Viridans group streptococci (VGS) are the main commensals of the oropharyngeal cavity in humans. They are the leading cause of subacute bacterial endocarditis and have also emerged as important pathogens causing sepsis in neutropenic cancer patients. Streptococcus bovis is frequently found as part of the commensal bowel flora. These organisms are also agents of endocarditis. Bacteremia caused by S. bovis isolates is associated with malignancies of the gastrointestinal tract.
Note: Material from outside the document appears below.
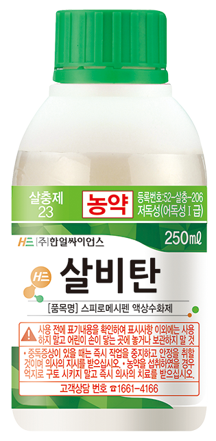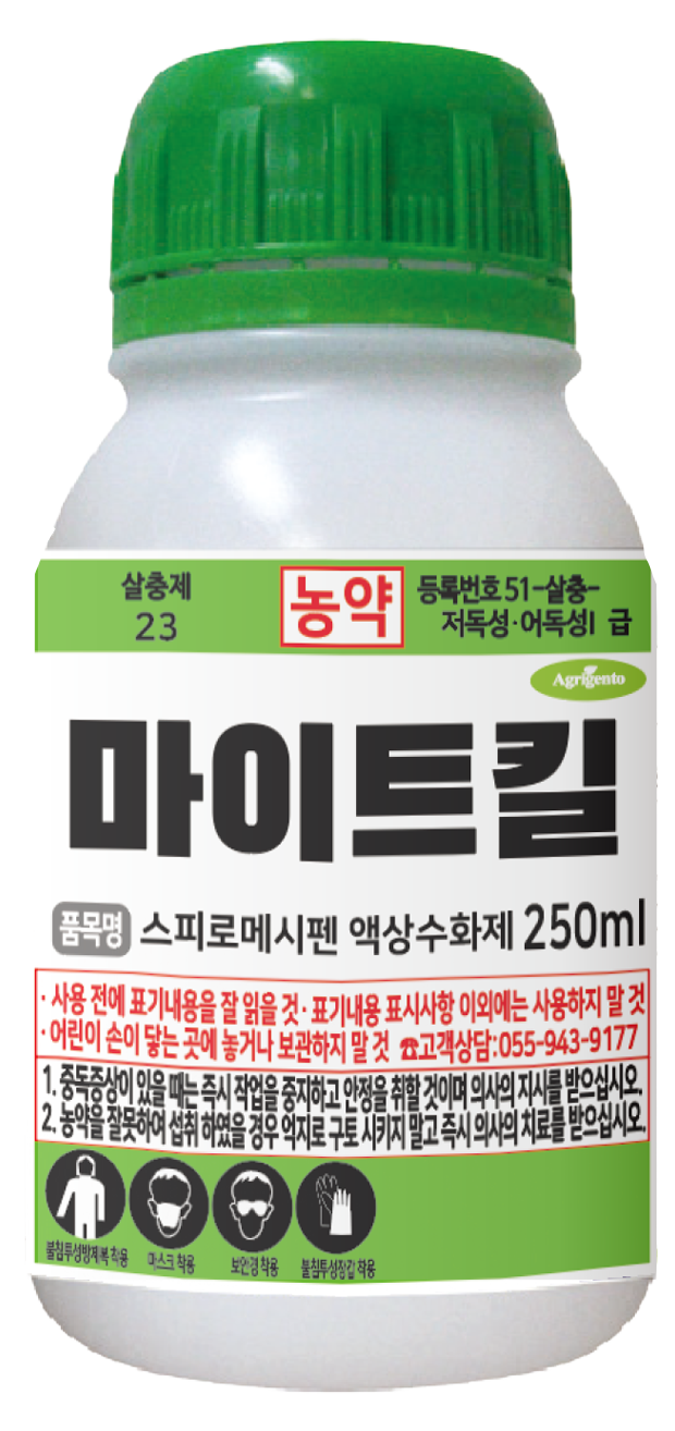 - 해충의 지질 생합성을 저해하여 약효를 발휘하며, 점박이응애 및 아주 작은 미소응애에 탁월한 방제 효과

Recent studies have shown that VGS are becoming increasingly resistant to many antibiotics, and it seems that antimicrobial resistance is not homogeneous among the different members of the group (1, 7, 8, 20). Most studies of VGS report that Streptococcus mitis, in addition to being the most frequently isolated group, is also the group that shows the highest rates of penicillin resistance (1, 7, 8, 10, 17). However, reports about the susceptibility of other VGS and S. bovis are scarce. The aim of our study was to determine overall rates of VGS susceptibility to penicillin, macrolides, and telithromycin and also to determine whether there are any differences in the susceptibility patterns and erythromycin resistance mechanisms of the different species that make up this group.
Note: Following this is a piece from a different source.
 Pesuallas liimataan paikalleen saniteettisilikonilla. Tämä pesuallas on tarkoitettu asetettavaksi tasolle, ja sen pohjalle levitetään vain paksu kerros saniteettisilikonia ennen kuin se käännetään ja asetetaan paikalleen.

A total of 155 VGS and 18 S. bovis strains isolated from blood were collected between 1998 and 2003. Of the 173 isolates, 111 were isolated from 1998 to 2002 and were previously characterized in terms of their macrolide resistance (15). All strains were identified by standard methods (16) and by the Rapid ID32 Strep system (bioMérieux, Marcy l'Étoile, France) and then classified according to the review of Coykendall (4).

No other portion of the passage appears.